Key Facts

  • Residential construction cost growth is at its lowest since 2016, standing at 2.4%, as opposed to the 10-year average of 4.5%, as reported by CoreLogic.
  • The reduced amount of pressure in the construction sector has been attributed to stable timber prices, eased material supply chains, and slight declines in metal product cost.
  • Despite these favorable factors, prices of general hardware, predominantly imported goods, have experienced a surge. H1 insulation standards might also be increasing these costs.
  • Current predictions suggest a continued decrease in construction cost growth, thanks to a probable cap on sector wage growth due to the surge in net migration.
  • Despite a drop in new dwelling consents indicating a possible slowdown in construction activity, costs for new-built homes are not likely to plummet, but they won’t spike either.
  • The report indicates incentives such as lower deposit requirements for new-build properties would boost developers’ confidence to proceed with new projects, aiding housing affordability in the long term.

Article Summary

According to recent data from CoreLogic, growth in residential construction costs in New Zealand has reached its seven-year low, currently standing at 2.4%. This rate is significantly below the 10-year average of 4.5%. CoreLogic’s chief property economist, Kelvin Davidson, attributes this downturn to stabilising timber prices, ease in material supply chains, and minor pricing declines in metal goods.

Conversely, some cost hikes have been observed, particularly in general hardware that are majorly imported items.

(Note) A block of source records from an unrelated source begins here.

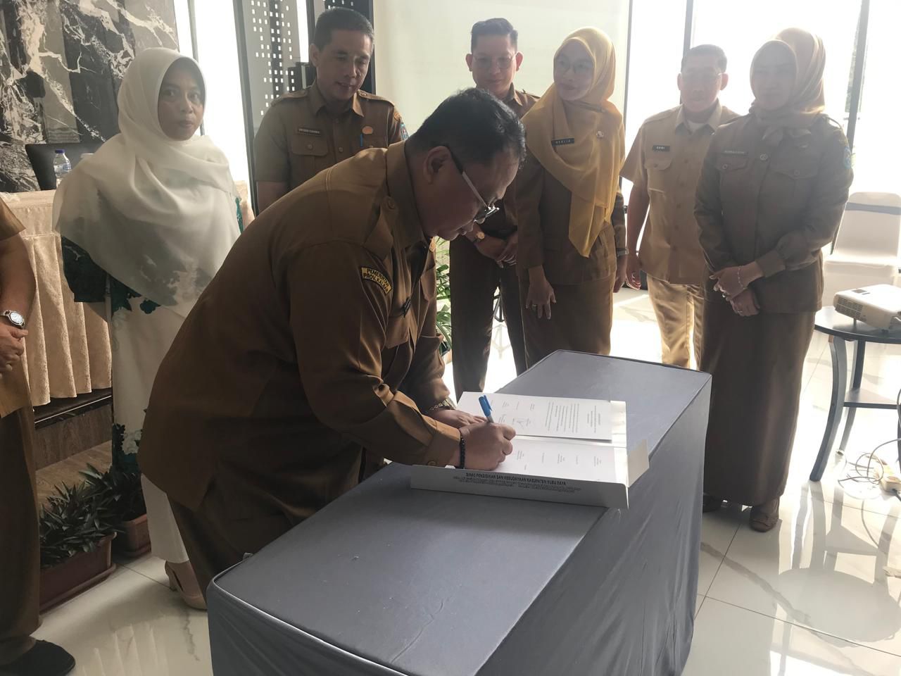 Dalam komitmen tersebut ditandatangani secara bersama oleh Sekretaris Daerah Kubu Raya, Asisten I Setda Kubu Raya beserta pimpinan instansi yakni Kepala Dinas Kominfo, Kepala Dinas Pendidikan dan Kebudayaan, Kepala Dinas Dukcapil, Kepala Dinas Sosial, Kepala Dinas Pemdes dan diketahui serta ditandatangani oleh Kepala Inspektorat Kubu Raya, Kepala BPMP Kalbar dan Kepala Perwakilan Ombudsman Kalbar. (*)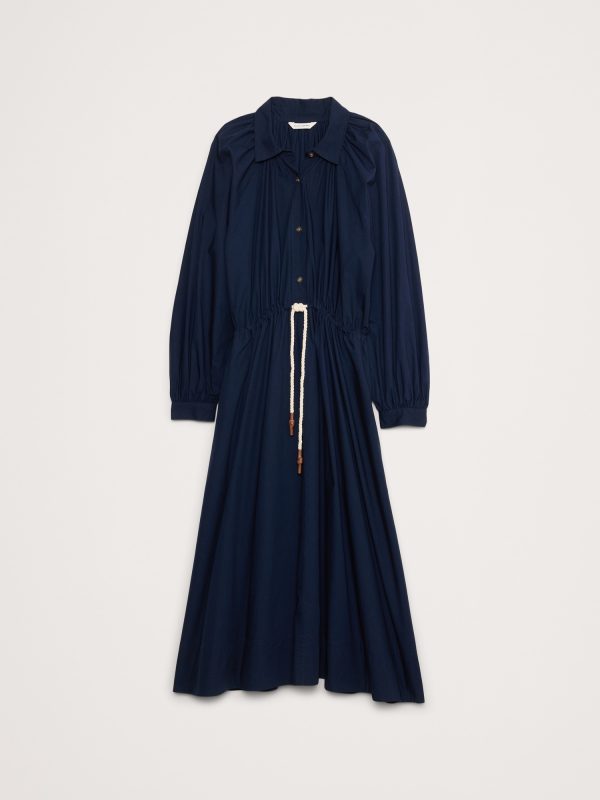We’re loving cotton poplin right now (and always). This dress nods at the season’s volume-sleeve trend, fitted with shirtdress styling and a utilitarian drawstring at the waist.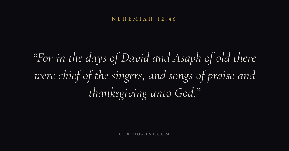 For in the days of David and Asaph of old there were chief of the singers, and songs of praise and thanksgiving unto God.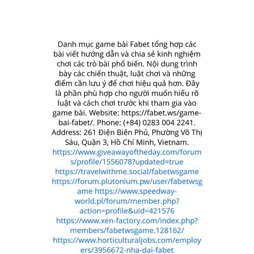 Website: https://fabet.ws/game-bai-fabet/. Danh mục game bài Fabet tổng hợp các bài viết hướng dẫn và chia sẻ kinh nghiệm chơi các trò bài phổ biến. Nội dung trình bày các chiến thuật, luật chơi và những điểm cần lưu ý để chơi hiệu quả hơn. Đây là ph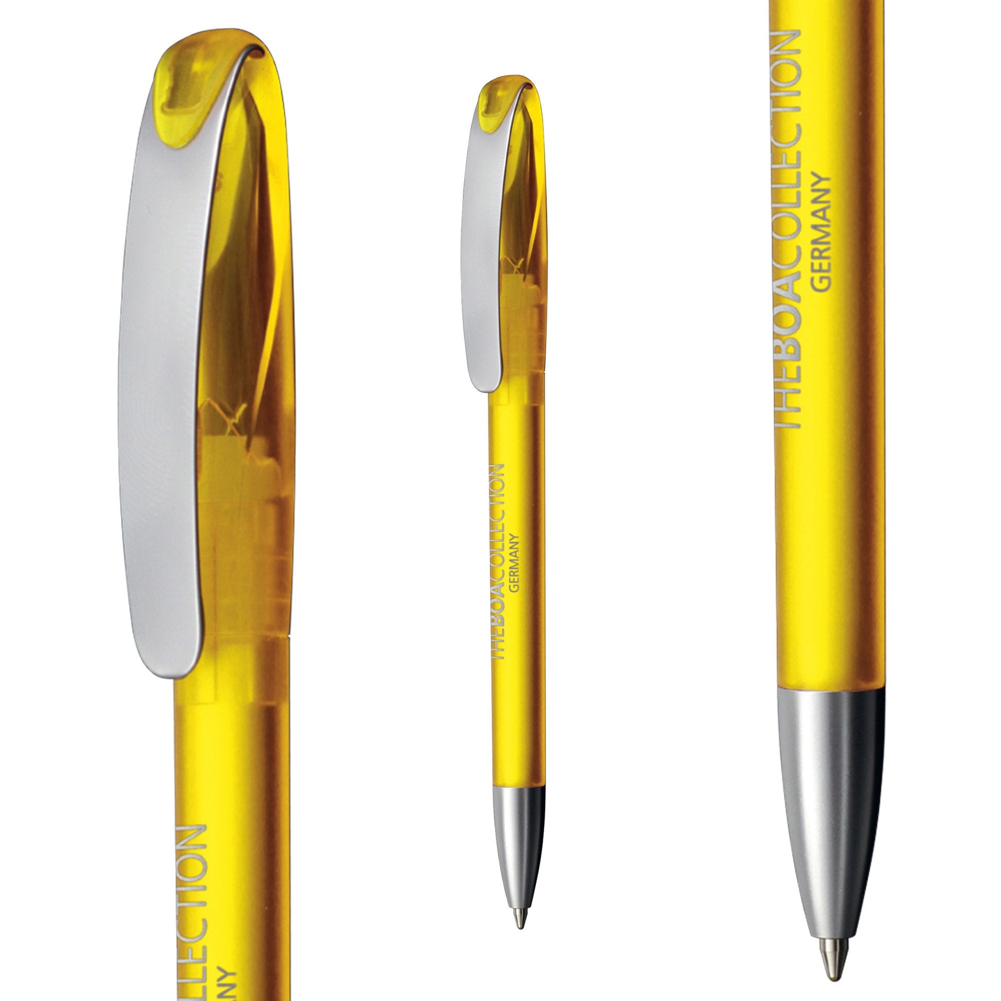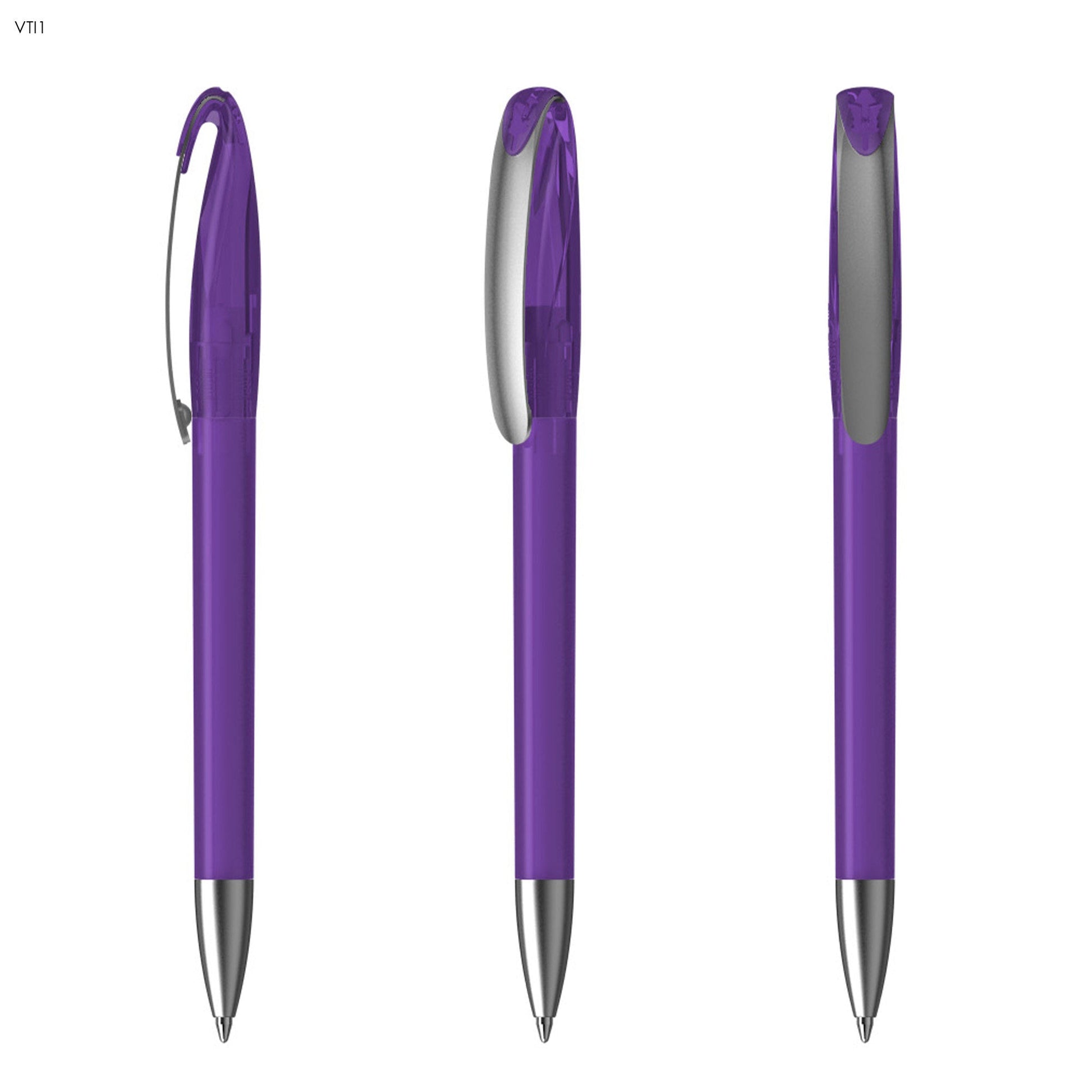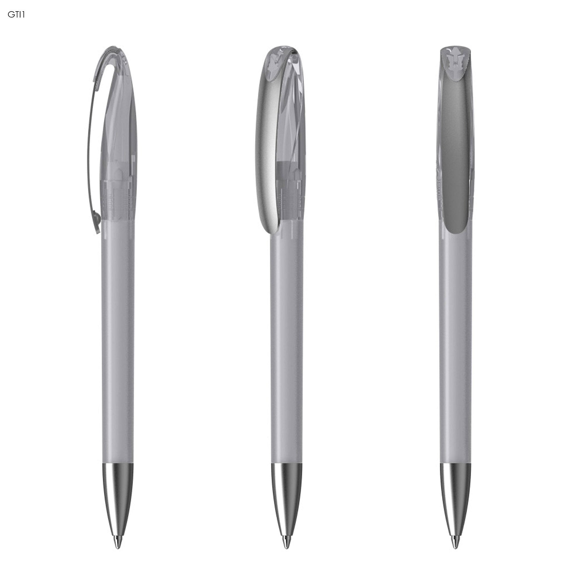 Klio the iconic European brand since 1900 now available worldwide. (Klio Model: 41182) Twist-action pen features a stylish frosted translucent plastic design with a satin nickel-plated brass metal tip and clip offering a spacious printing area. Equipped with a high-quality silktech German ink refill meeting ISO 12757-2 standards with a 3-year shelf life and boasting an impressive 3000 meters of writing distance three times longer than standard pens. Crafted with a tungsten carbide ball for superior writing quality. Designed and manufactured in Germany exclusively offered through Dex Collection in Australia and New Zealand. Custom colour options available for orders exceeding 5000 units. Minimum order quantity: 500 units per colour.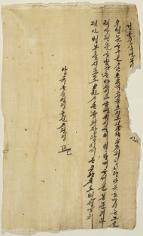 고문서-명문문기류-배지 경제-매매교역-배지 51책 경주 이조 경주최씨·용산서원편Ⅱ-고문서-명문문기류-배지 1747년 수노(首奴) 용이(龍伊) 배지(牌旨) 용이 용산서원 1747 경주부 내남면 구조리 낱장 1장 종이 한자, 이두 51 고문서 5. 명문문기류 (7) 배 -

The implementation of H1 insulation standards might also be exerting further upward pressure on costs. Despite the current market conditions, builders are reported to be reasonably busy, albeit less intensely compared to recent years.

Davidson anticipates future construction cost growth to remain subdued due to net migration, which might help control construction sector wage growth. He also highlights a decrease in new housing consent, suggesting that a softer construction activity phase might be sustained. However, he projects that costs for potential new builds are unlikely to precipitate or escalate significantly.

He concluded by supporting incentives like lower deposit needs for new-build properties, asserting that it would encourage developers to take on new projects, thus maintaining some control over housing affordability. The CoreLogic report examined the alteration of construction costs in the residential market by investigating a ‘standard’ single-storey, three-bedroom, two-bathroom, brick and tile dwelling.